Abstract
Shewanella oneidensis is a target of extensive research in the fields of bioelectrochemical systems and bioremediation because of its versatile metabolic capabilities, especially with regard to respiration with extracellular electron acceptors. The physiological activity of S. oneidensis to respire at electrodes is of great interest, but the growth conditions in thin-layer biofilms make physiological analyses experimentally challenging. Here, we took a global approach to evaluate physiological activity with an electrode as terminal electron acceptor for the generation of electric current. We performed expression analysis with DNA microarrays to compare the overall gene expression with an electrode to that with soluble iron(III) or oxygen as the electron acceptor and applied new hierarchical model-based statistics for the differential expression analysis. We confirmed the differential expression of many genes that have previously been reported to be involved in electrode respiration, such as the entire mtr operon. We also formulate hypotheses on other possible gene involvements in electrode respiration, for example, a role of ScyA in inter-protein electron transfer and a regulatory role of the cbb3-type cytochrome c oxidase under anaerobic conditions. Further, we hypothesize that electrode respiration imposes a significant stress on S. oneidensis, resulting in higher energetic costs for electrode respiration than for soluble iron(III) respiration, which fosters a higher metabolic turnover to cover energy needs.
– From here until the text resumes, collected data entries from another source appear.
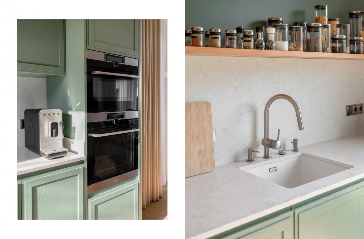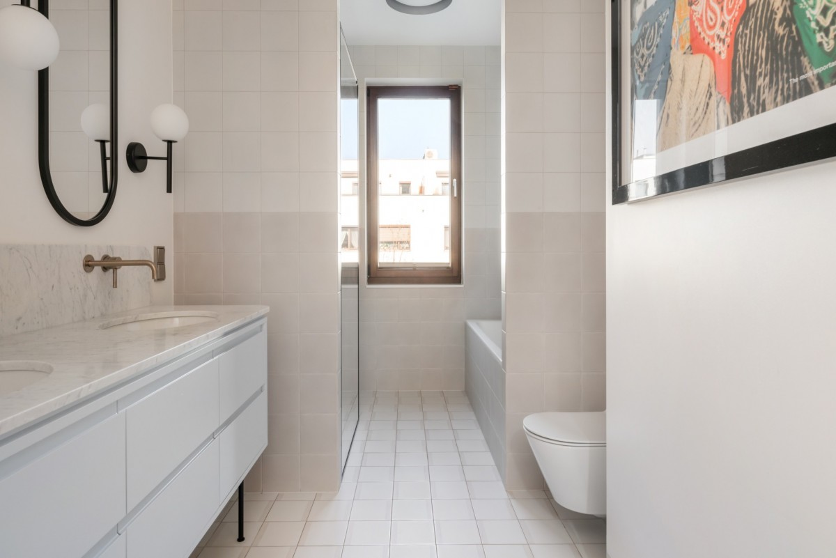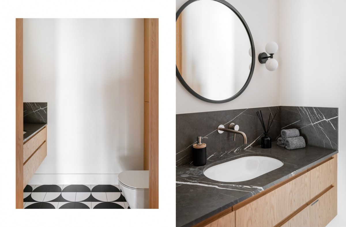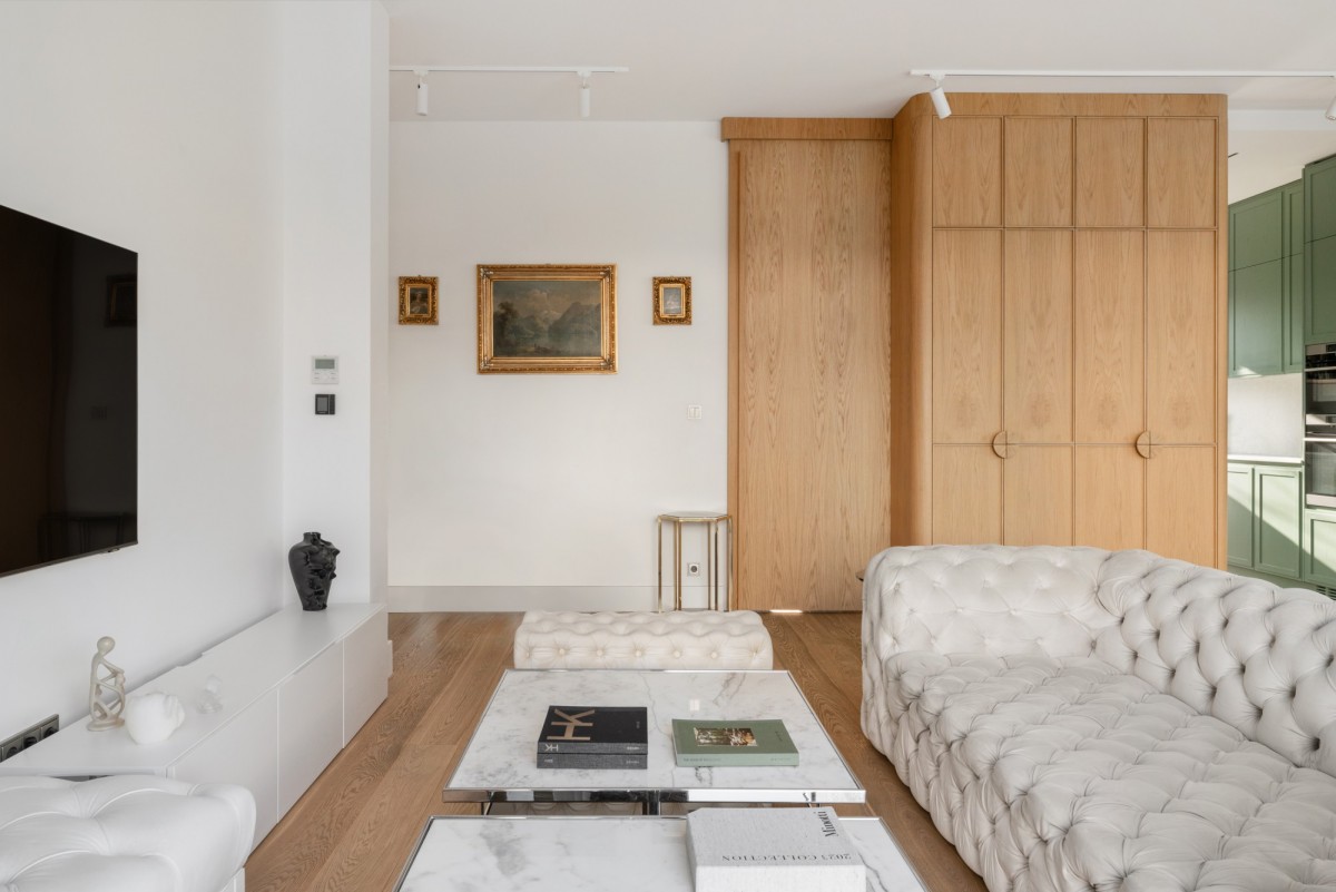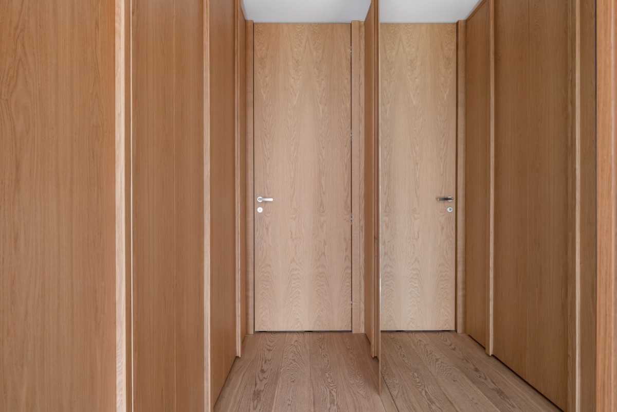 • High-quality finishes: oak flooring in living areas and bedrooms, full-height wooden doors, custom-designed built-in furniture, and natural stone in bathrooms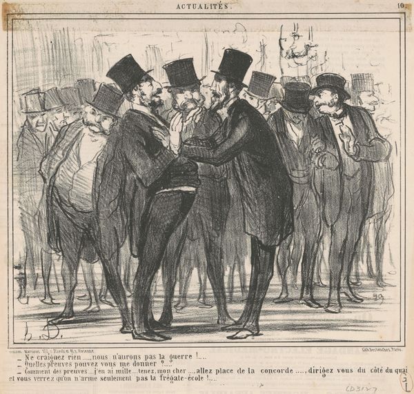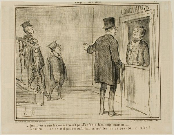 Curator: Here we have Honoré Daumier's lithograph, "Tiens… qu'est-ce qu’c’est donc qu’ça? …," from the mid-19th century. It translates to "Look...what on earth is that?” Editor: Well, "what on earth" is the perfect description! My first impression is almost disgust... Daumier has captured this bourgeois discomfort so brilliantly with the expressive hatching that constitutes the figures. You can practically smell their apprehension, mixed, of course, with their utter incomprehension. Curator: Indeed. It's classic Daumier, isn't it? He's poking fun at the Parisian bourgeoisie. Observe the stark lines used to create caricatures of these well-to-do figures juxtaposed against the unfinished form of the sculpture and then observe the clothing of these people and you have an understanding of Parisian high society at this time. This piece becomes especially poignant considering it was printed during the July Monarchy when class tension was a theme constantly present in French popular and academic culture. Editor: Speaking of production, notice how Daumier leverages lithography here. The grainy quality allows for that rapid dissemination—almost like a proto-meme. The masses can own, literally and figuratively, the critique. And let’s consider the materials involved. Chalk, stone, ink, paper... These are not the tools of rarefied “high art,” but implements readily available, cheap even. Mass media is key here: critique for consumption. Curator: But let's also remember Daumier was trained in the Beaux-Arts tradition! The Romantic flourishes of line and shadow speak to a higher purpose, one aimed at affecting emotional response. His critical perspective is born of personal observation of character and spirit, one feels. It’s almost like Daumier is laughing along with them, while simultaneously judging. Editor: Yes, but there’s a market at play isn’t it? It is worth reflecting on the means of dissemination. What sort of market-driven constraints or imperatives are embedded in Daumier's satirical process? Curator: It's a rich blend, wouldn't you say? To look with clear eyes is what any artist, really anyone who wishes to feel anything at all, should strive for. It may not always be beautiful but it might get you closer to yourself, to our collective consciousness, if there is such a thing. Editor: Exactly. So, let’s think critically about art's entanglement within social life... the material conditions by which Daumier can offer these social portraits, these glimpses into 19th-century France... there's a complex web that Daumier opens up for us to begin to look at art beyond purely formal terms.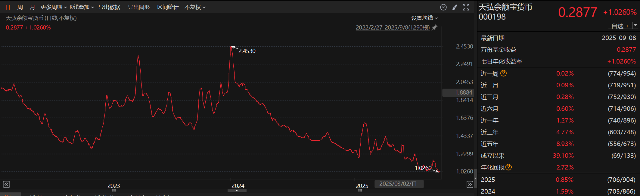 以天弘余额宝货币基金为例,2024年初,7日年化收益率一度超过2.45%,此后开始震荡下行,截至今年9月8日,已经跌至1.026%,再次创下历史新低。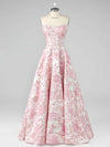 Pink A-Line Strapless Pearl Jacquard Satin Long Prom Dresses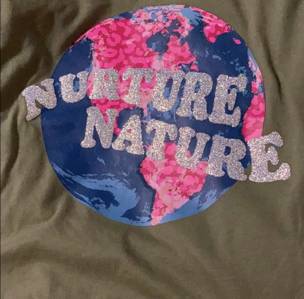 Brand new with tags Short sleeve Nurture Nature in silver glitter Olive green color Graphic of the world Back has criss cross opening- very cute 60% cotton 40% polyester I have size Medium, Large and XL $5 each Located in american fork Cash/Venmo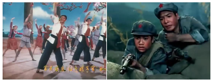 大眾傳播時(shí)代,中央電視臺(tái)的轉(zhuǎn)播率先將《紅軍不怕遠(yuǎn)征難》從劇場(chǎng)送入千家萬(wàn)戶(hù)。1985年,舞蹈被攝制成電影并全國(guó)公映,從機(jī)關(guān)單位到中小學(xué)校,組織化的集體觀看使其從即時(shí)性的舞臺(tái)呈現(xiàn),延伸為可供反復(fù)欣賞的歷史影像。與此同時(shí),舞蹈中那些震撼人心的畫(huà)面與造型,被凝固定格為經(jīng)典圖像,廣泛進(jìn)入教材、讀物等宣傳載體,從流動(dòng)的舞臺(tái)藝術(shù)轉(zhuǎn)化為深入人心的視覺(jué)符號(hào)。作品中那些簡(jiǎn)潔而富有象征意義的舞蹈語(yǔ)言,也成為全國(guó)各地文藝團(tuán)體與學(xué)校學(xué)習(xí)、演繹的藍(lán)本,在基層舞臺(tái)上被不斷復(fù)現(xiàn)與傳承。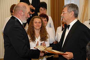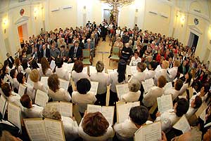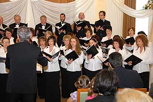 Az összkar előtt az önkormányzat nevében Móra József köszöntötte a Vegyeskart.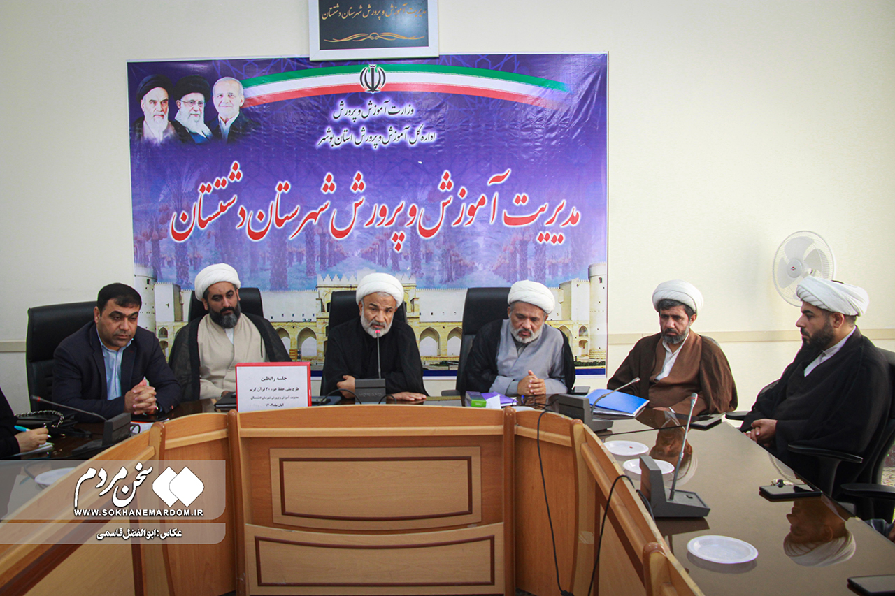 سخن مردم: ابوالفضل قاسمی | با هدف گسترش فرهنگ قرآنی در میان دانشآموزان، جلسه رابطین طرح ملی حفظ جزء ۳۰ قرآن کریم با حضور امامجمعه دشتستان، مدیرکل تبلیغات اسلامی استان بوشهر و معاون پرورشی آموزشوپرورش شهرستان دشتستان برگزار شد.

Our hypotheses now require experimental verification, but this expression analysis provides a fundamental platform for further studies into the molecular mechanisms of S. oneidensis electron transfer and the physiologically special situation of growth on a poised-potential surface.
Highlights
The c-Proteobacterium Shewanella oneidensis MR-1 attracts broad attention because of its unusual respiratory versatility
S. oneidensis is capable of anaerobic respiration with many different terminal electron acceptors, such as nitrate [1], dimethyl sulfoxide (DMSO) [2], iron(III) [3,4], electrodes [5,6,7,8], and uranium(VI) [9] and other toxic heavy metals [10,11,12,13,14]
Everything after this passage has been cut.